Available protein structures:
- PDB: IPR008355 PF07140 (ECOD; PDBsum)
- AlphaFold: IPR008355; PF07140;

= Interferon gamma receptor (IFNGR1) family =

In molecular biology, the interferon gamma receptor (IFNGR1) family is a family of proteins which includes several eukaryotic and viral interferon gamma receptor proteins.

Members of this family include:

- The human (bony fish in general) interferon gamma receptor 1, which is a member of the hematopoietic cytokine receptor superfamily. It is expressed in a membrane-bound form in many cell types, and is over-expressed in tumour cells. It comprises an extracellular portion of 229 amino acid residues, a single transmembrane region, and a cytoplasmic domain of 221 amino acid residues. As with other members of its superfamily, the cytokine-binding sites are formed by a small set of closely spaced surface loops that extend from a beta-sheet core, much like antigen-binding sites on antibodies.
- The vaccinia virus interferon (IFN)-gamma receptor (IFN-gammaR), which is a 43 kDa soluble glycoprotein that is secreted from infected cells early during infection.
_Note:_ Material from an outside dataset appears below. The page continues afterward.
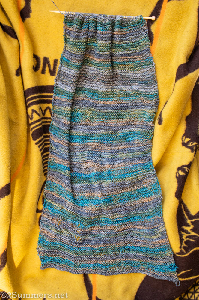 I’m almost through with the second ball of yarn. When I get close to the end, I’ll have a video call with Fiver so she can help me work out how to finish it off.

IFN-gammaR from vaccinia virus, cowpox virus and camelpox virus exist naturally as homodimers, whereas the cellular IFN-gammaR dimerises only upon binding the homodimeric IFN-gamma. The existence of the virus protein as a dimer in the absence of ligand may provide an advantage to the virus in efficient binding and inhibition of IFN-gamma in solution.